» Problem details
Using the line with "MIXIT 1 Pair" as your starting point, transcribe it and each line beneath it word for word until the records run out, without pictures.

» Source data
= Beginning of Section =
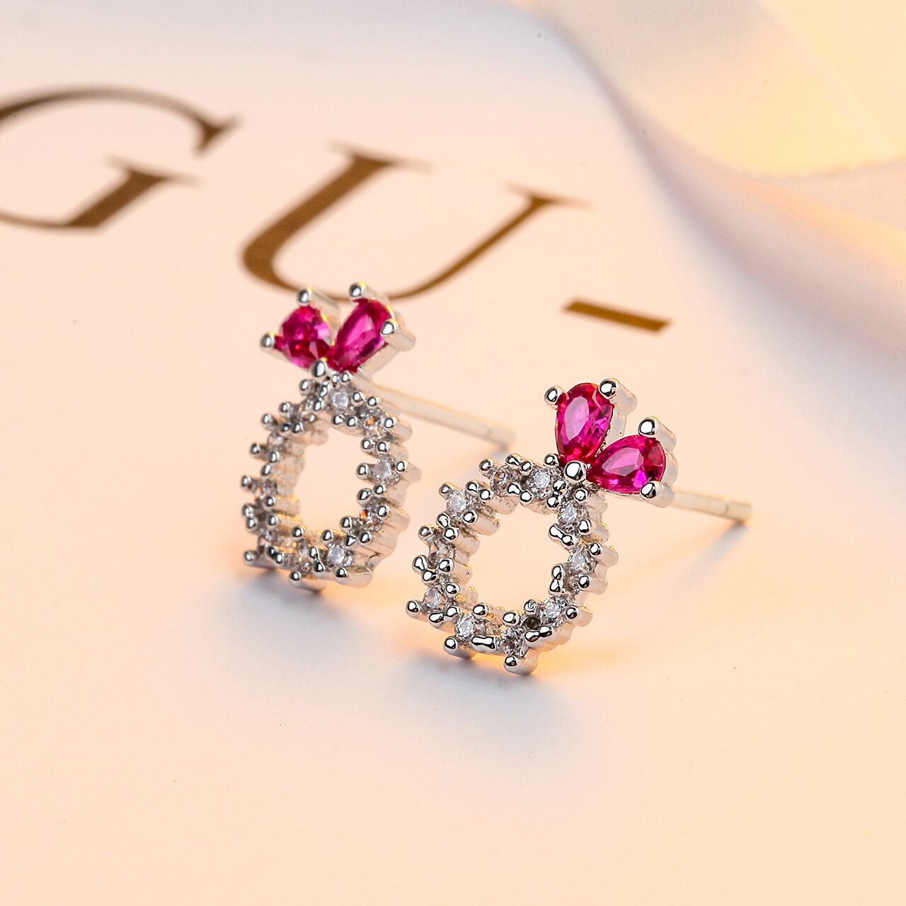 【PC-C125】❀2連ルビーローズジルコニアピアスかわいいリボンデザイン❀
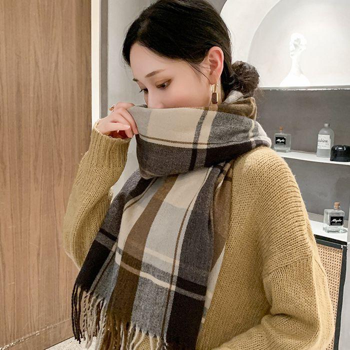 落ち着いた色合いと小さなフリンジで、肩からかけたり、首元に巻いたりと、コーディネートに添えるだけで、ぐっと大人な印象に。
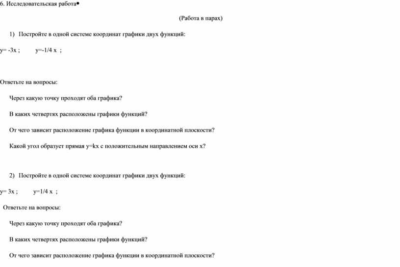 Ответьте на вопросы: Через какую точку проходят оба графика? В каких четвертях расположены графики функций? От чего зависит расположение графика функции в координатной плоскости? Какой угол образует прямая у=kх с положительным направлением оси х?
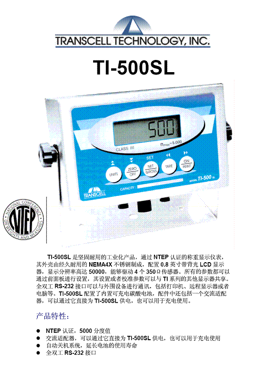 Transcell T1-500SL 耐用顯示儀表(Indicator)
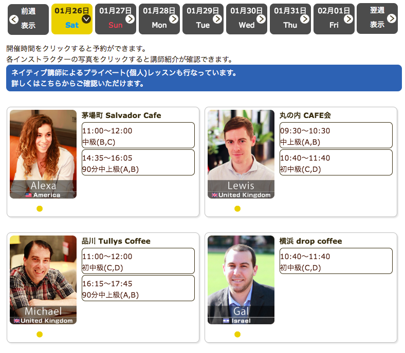 毎日仕事帰りや祝日に、駅近カフェでネイティブとカフェ英会話を開催しています。直前予約でも参加可能、本日もご参加お待ちしています。
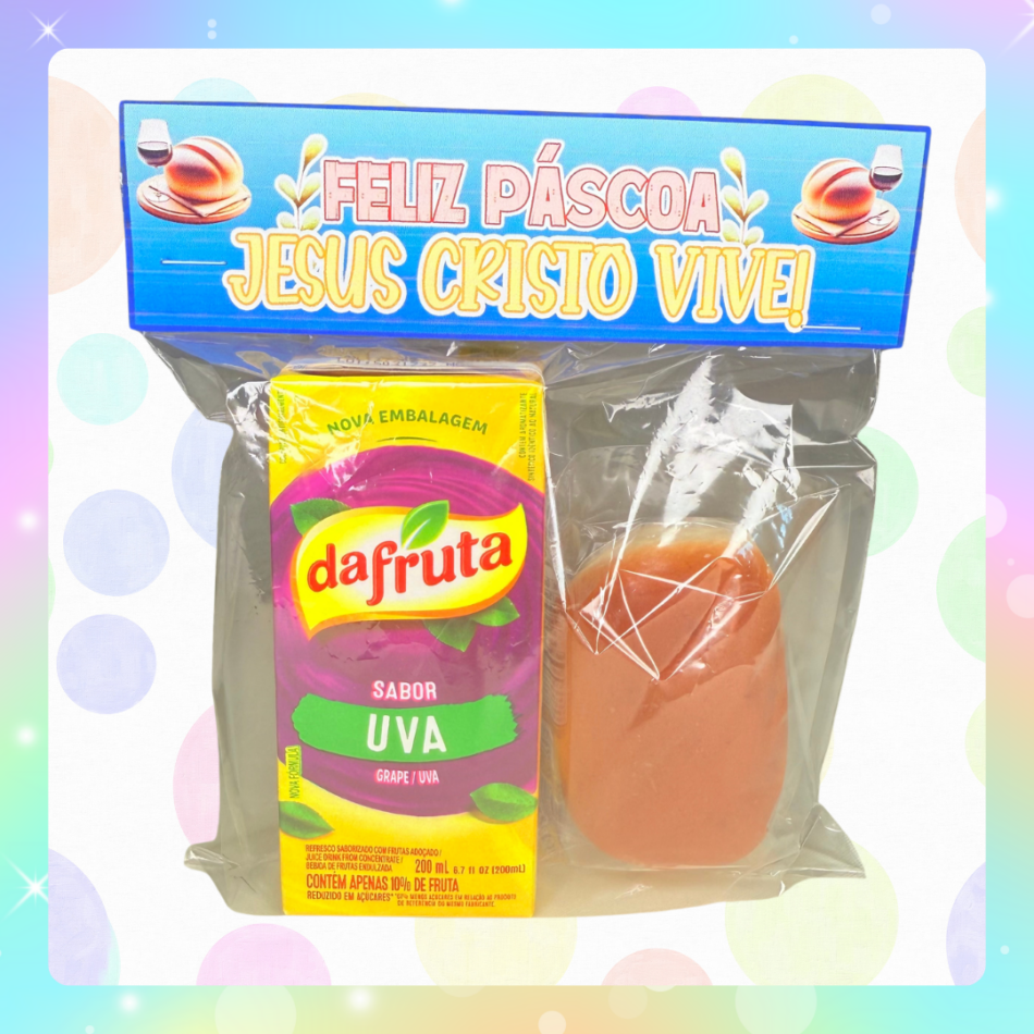 🥤 Tag para lembrancinha de suco e pão com a frase Feliz Páscoa – Jesus Cristo Vive
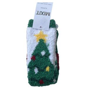 MIXIT 1 Pair Christmas Tree Cozy Fleece Non-Slip Slipper Socks Fits Shoe 4-10
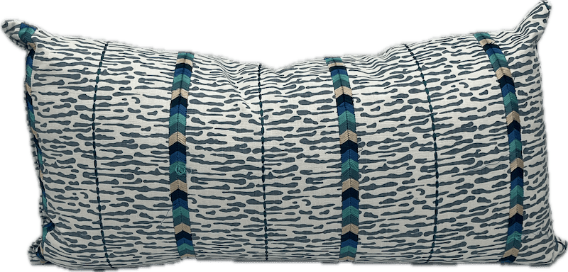Rectangular lumbar pillow with blue spotted pattern and multi colored chevron-patterned stripes.
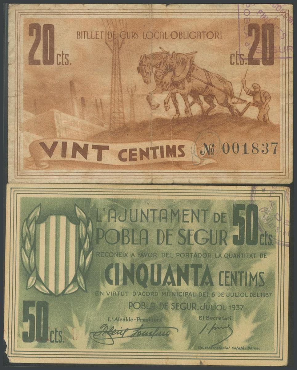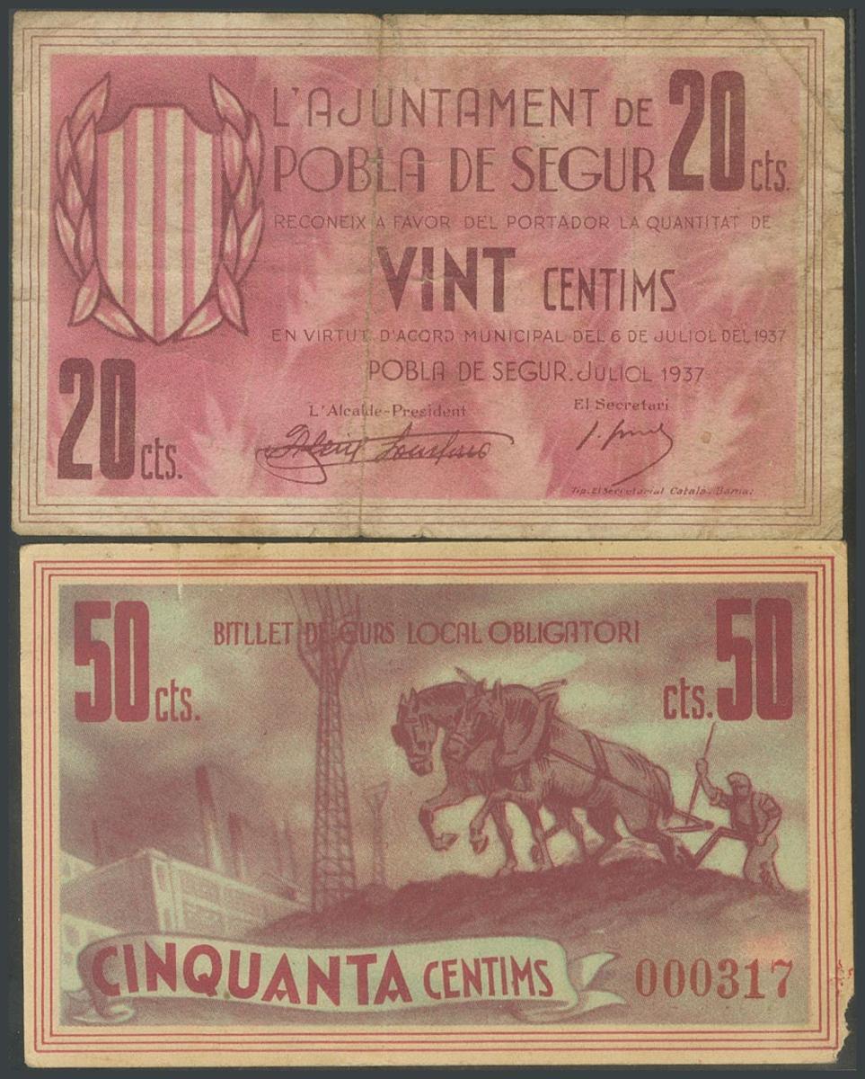 POBLA DE SEGUR (LERIDA). 20 Céntimos y 50 Céntimos. 6 de Julio de 1937. (González: 9339, 9340). BC.
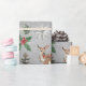 A watercolor painted Christmas wrapping paper featuring reindeer and all things Christmas on a shimmering silver background.
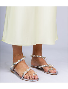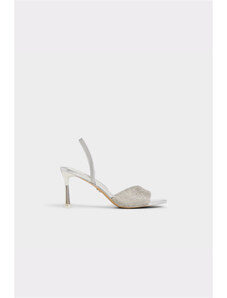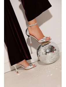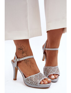 Szürke, nyári, tűsarkú női szandálok
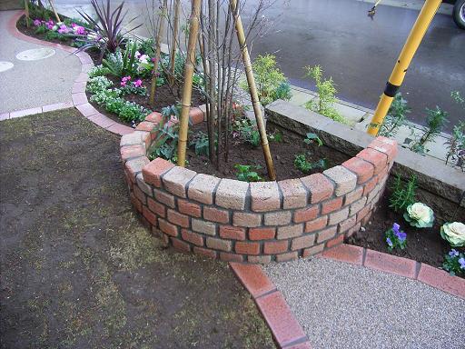 土のままであったお庭をリフレッシュ。既に植えてあった樹木はそのままにレンガで見切りをつけてみました。半分に切って積んだレンガ花壇はとてもかわいい出来ばえでお庭のアクセントとなっています。
= End of Section =
» Task answer
 MIXIT 1 Pair Christmas Tree Cozy Fleece Non-Slip Slipper Socks Fits Shoe 4-10
Rectangular lumbar pillow with blue spotted pattern and multi colored chevron-patterned stripes.
 POBLA DE SEGUR (LERIDA). 20 Céntimos y 50 Céntimos. 6 de Julio de 1937. (González: 9339, 9340). BC.
 A watercolor painted Christmas wrapping paper featuring reindeer and all things Christmas on a shimmering silver background.
 Szürke, nyári, tűsarkú női szandálok
 土のままであったお庭をリフレッシュ。既に植えてあった樹木はそのままにレンガで見切りをつけてみました。半分に切って積んだレンガ花壇はとてもかわいい出来ばえでお庭のアクセントとなっています。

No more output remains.